The March of Dimes Foundation, a major US non-profit focused on improving child health, has suddenly ended $3 million in research grants, a move that could result in the euthanasia of laboratory animals mid-study.

The foundation sent grant recipients an e-mail on July 24, 2017 stating that their 3-year grants were being terminated retroactively, effective June 30, according to Nature.

"Given our overall resources, March of Dimes has made the difficult decision to reduce grant awards to researchers whose work does not directly impact the prevention and care of premature birth. We have had to carefully evaluate current and prospective research programs to ensure we are targeting very specific programs to meet very specific health objectives around reducing preterm birth rates," the letter stated.

Many of the 37 researchers were only a year into their projects. Several now say they may need to lay off staffers, euthanize lab animals, or even shelve their research projects if they cannot quickly find additional funding.

The revoked research grants included funding for research on Zika, Down syndrome, and other congenital disorders. Five studies focused on understanding and preventing premature birth will keep their funding.

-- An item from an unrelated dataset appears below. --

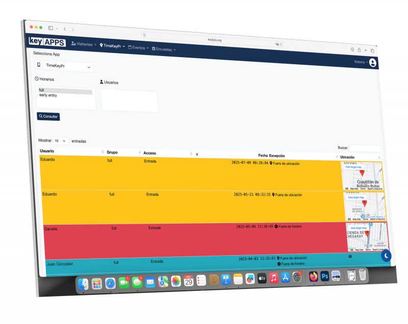 - Know the location of the registration of the activities of all collaborators, inside and outside the company.

One research study, at Johns Hopkins University, is focused on discovering if the Zika virus causes microcephaly, a birth defect that causes abnormally small heads and stunts brain development.

Andrew Holland, an associate professor of molecular biology and genetics, received only $83,000 of the promised $250,000 grant. He told the Baltimore Sun that this study is now likely done and is trying desperately to save two jobs and to find alternative studies where his laboratory animals can be used.
“The way they’ve approached this has been completely inhumane,” Holland told Science.

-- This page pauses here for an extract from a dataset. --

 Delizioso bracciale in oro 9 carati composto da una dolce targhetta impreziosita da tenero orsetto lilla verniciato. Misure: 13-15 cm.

The March of Dimes is supported primarily by individual donations. The foundation began was founded by US president Franklin Roosevelt in 1938 to fight polio.

The letter explained that grants were being revoked due to a budget shortfall. According to recent audits by the account firm, KPMG, the organization's expenses exceeded it's income by almost $11 million in 2017.

The March of Dimes Foundation is also behind on paying out grant payments going as far back as 2017.